Couples therapist Sonya Rhodes agrees. "Who's going to leave and who's going to stay takes on huge meaning in the aftermath of a failed relationship," she says. Every part of the divorce negotiation becomes "another example of how 'you don't want to accommodate.'
Psychotherapist Ellen Weber has seen many people use this staying-together as a time of transition, to avoid going "cold turkey." Whatever they may say, Rhodes agrees, these people prefer to "stay a married person in crisis rather than become a single person, alone."
Further complicating the emotional ground, observes divorce mediator and matrimonial lawyer Lenard Marlow, is that one partner has usually been emotionally girding himself to ask for the divorce, while the other, caught by surprise, is emotionally about eighteen months behind. The one playing catch-up tends to dig in and be unsusceptible to "reason."
But the children's situation is the real heartbreaker, says lawyer Betty Levinson, and she blames therapists as much as lawyers for this problem. "Therapists," she says, "should say to fathers, 'You are forcing your children to live in a war zone.' " Rhodes agrees that children find the tension and hostility between their parents devastating. "Even if there's not gunfire," she says, "there is some kind of guerrilla warfare," and at the least the children experience "the delayed and postponed reality that the marriage is over."
No matter what the experts believe, some couples say they are keeping themselves in limbo for the sake of their children.
That, at least, is the explanation Diane* and Kevin Lowe* give for the fact that they slept in the same bed for eighteen months after hiring lawyers.
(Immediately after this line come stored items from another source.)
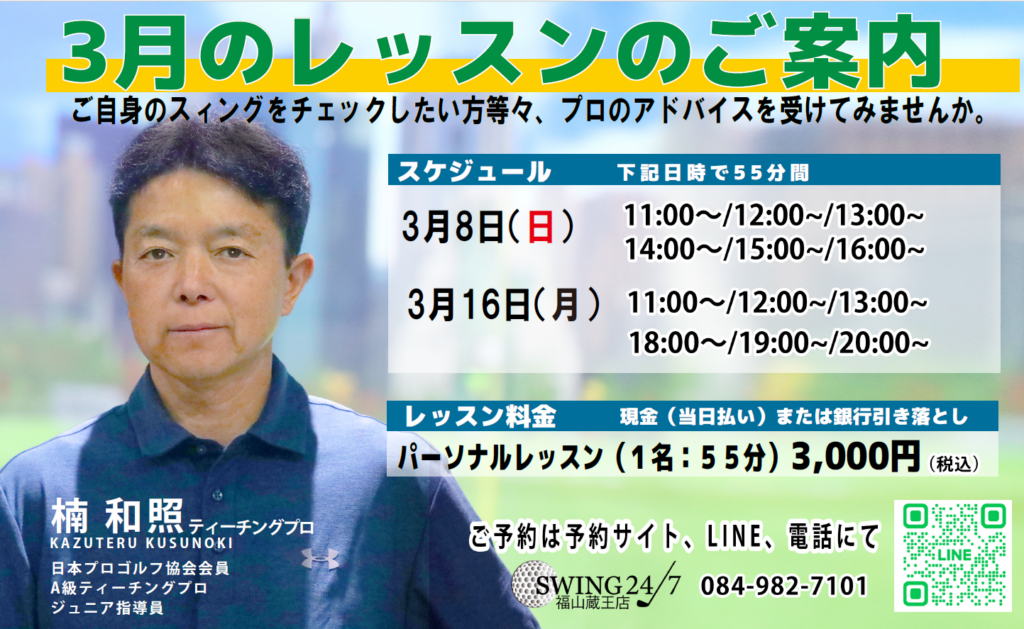 スィングのチェックや、迷いのある方等々、プロのアドバイスを受けてみませんか・・。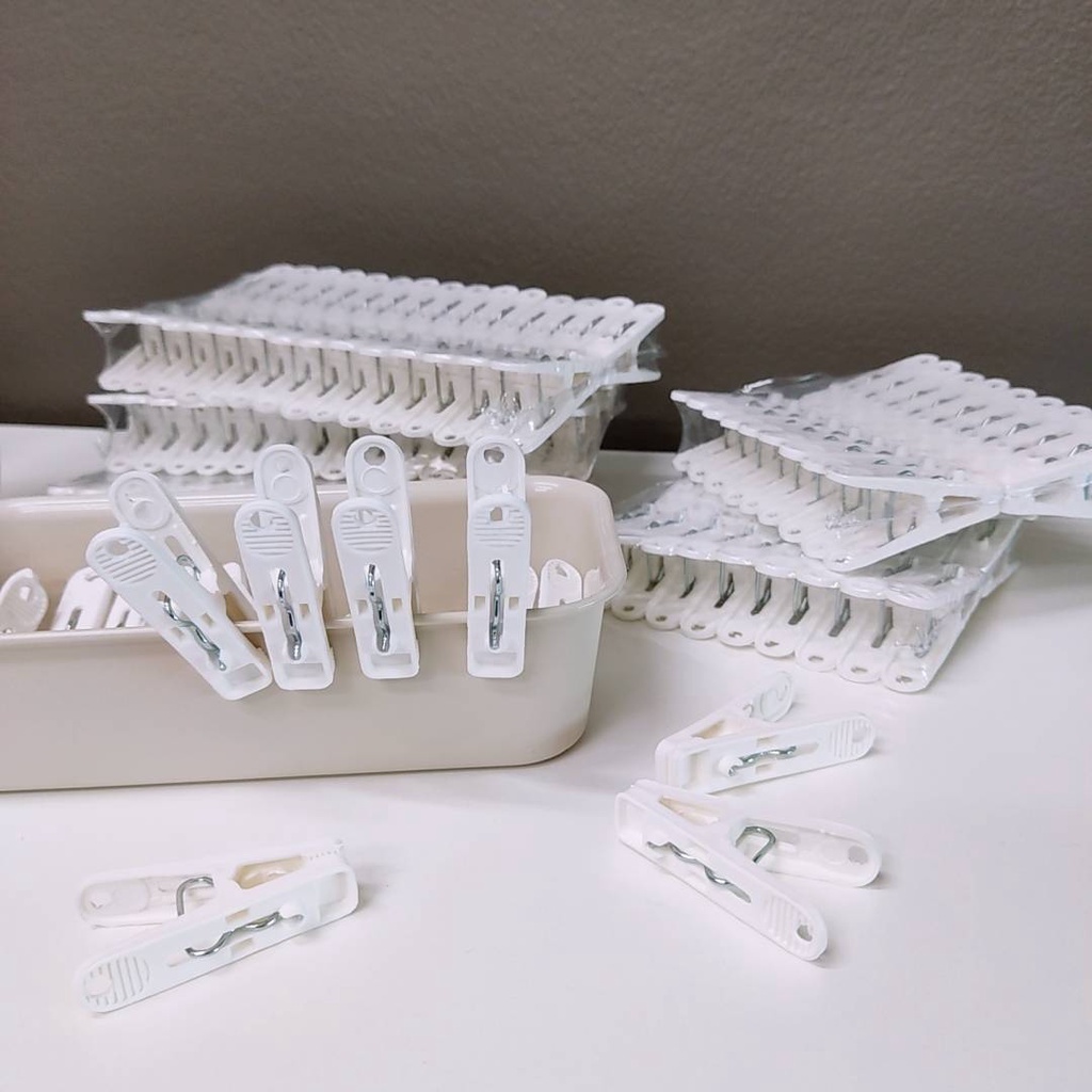ที่หนีบผ้า กิ๊บหนีบผ้า ไม้หนีบผ้า สีขาว สินค้าผลิตจากพลาสติกคุณภาพ โทนขาว #กิ๊บหนีบผ้า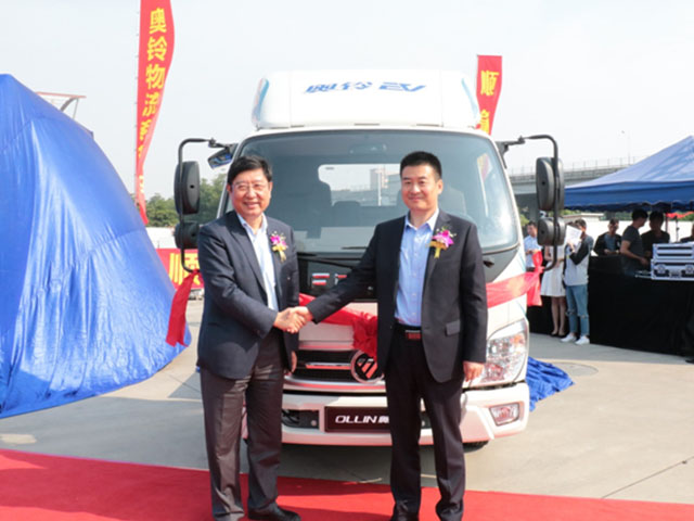 【中国物流与采购联合会副会长蔡进先生与福田轻型商用车事业本部奥铃业务总监王建军先生为福田奥铃EV纯电动轻卡揭幕】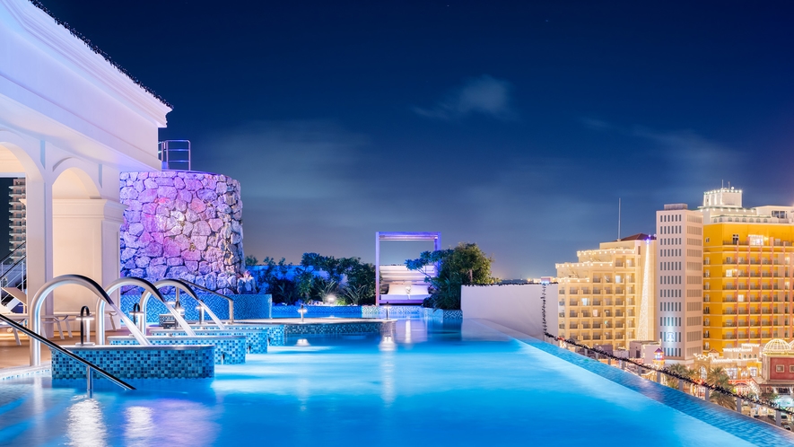 このホテルの大きな魅力は、天然温泉大浴場(北谷温泉)+屋上インフィニティプールがある点です。那覇近郊で「温泉+リゾート感」を同時に楽しめる珍しいホテルで、サウナやラウンジなどの設備も充実しています。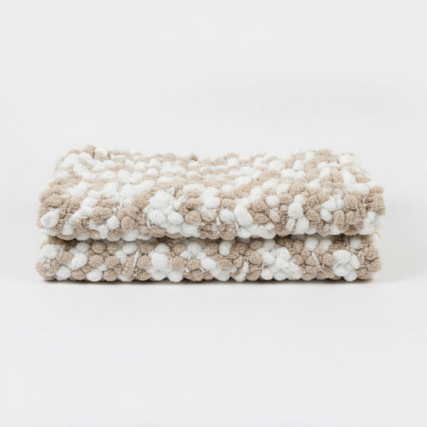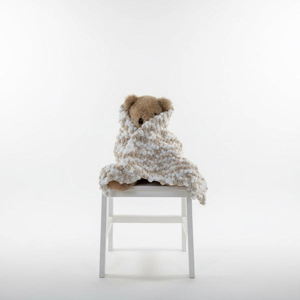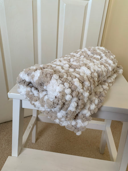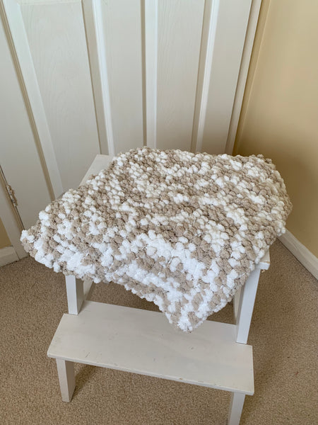 This gorgeous baby blanket is hand knitted using a delicate beige and white mini pom pom wool. This beautiful handmade blanket would make the perfect gift for any baby shower or new baby.
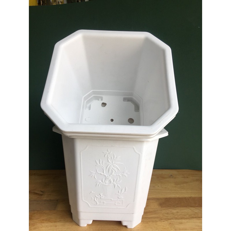 Đặc điểm nổi bật+ Chậu Vuông Nhựa Trắng Tinh được làm bằng chất liệu nhựa Dẽo cao cấp, rất chắc chắn, thời gian sử dụng bền lâu. ĐẶC BIỆT có 4 chân cao dễ thoát nước.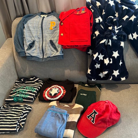 En hel garderobe til gutt fra 4 år selges samlet for 1.000,- Masse gensere, bukser, mye gode ullklær, t-skjorter, shortser. NB! Må hentes i Julebygda i Sandnes.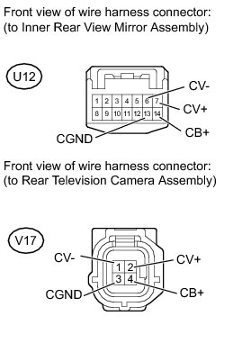 (b) Disconnect the V17 rear television camera assembly connector.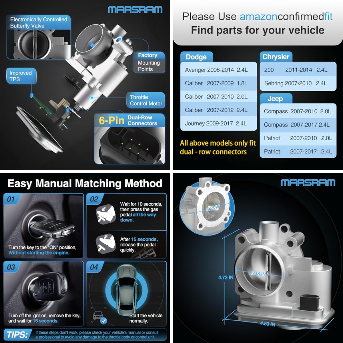 Product | Marsram Electronic Throttle Body for Dodge Avenger Caliber Journey, Chrysler 200 Sebring, Jeep Compass Patriot, 1.8L 2.0L 2.4L Throttle Body Replacement OE Number: 4891735AC 4891735AD 977-025 Marsram | A-Premium Electronic Throttle Body Compatible with Ford, Lincoln & Mercury Models – Escape 2009-2018, Fusion, Ranger, MKZ, C-Max, Mariner, Milan, Transit Connect – 2.0L 2.5L 3.0L – Replace# 9L8Z9E926A A-Premium | A-Premium Throttle Body Assembly with TPS Sensor Compatible with Ford Fiesta 2011 2012 2013 2014 2015 2016 L4 1.6L A-Premium |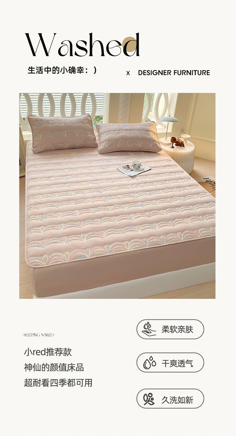 尊康家纺(原磊科) 2024新款亲肤奶昔棉夹棉床裙-风雅 风雅-黛粉,风雅-黛粉

Or rather, it's the more palatable of the two reasons they give. "Leave my bed? Forget it!" Diane snaps, and Kevin confirms that he refused to move—even down the hall—without a signed agreement. They schooled themselves to sleep so that they never touched.
More important than defending turf, though, they say, was maintaining an appearance of normality for their ten- and seven-year-old sons, who, a therapist had advised, shouldn't be told about the divorce until shortly before Daddy's departure.
Trying to convey what it was like, Diane, a 40-year-old in a cashmere jacket, leans across her desk. She may be a brusque public-relations executive commanding a $75,000-a-year salary, but from time to time she crumples into quiet tears and dabs neatly behind her round tortoiseshell glasses with a tissue. Then, briskly, she continues.
She had no difficulty falling asleep, even with Kevin beside her, she says, because she used sleep as an escape. To cope at other times, she made believe that Kevin, 42, wasn't there, even when they sat opposite each other at their nightly dinner with the children, pretending that all was normal.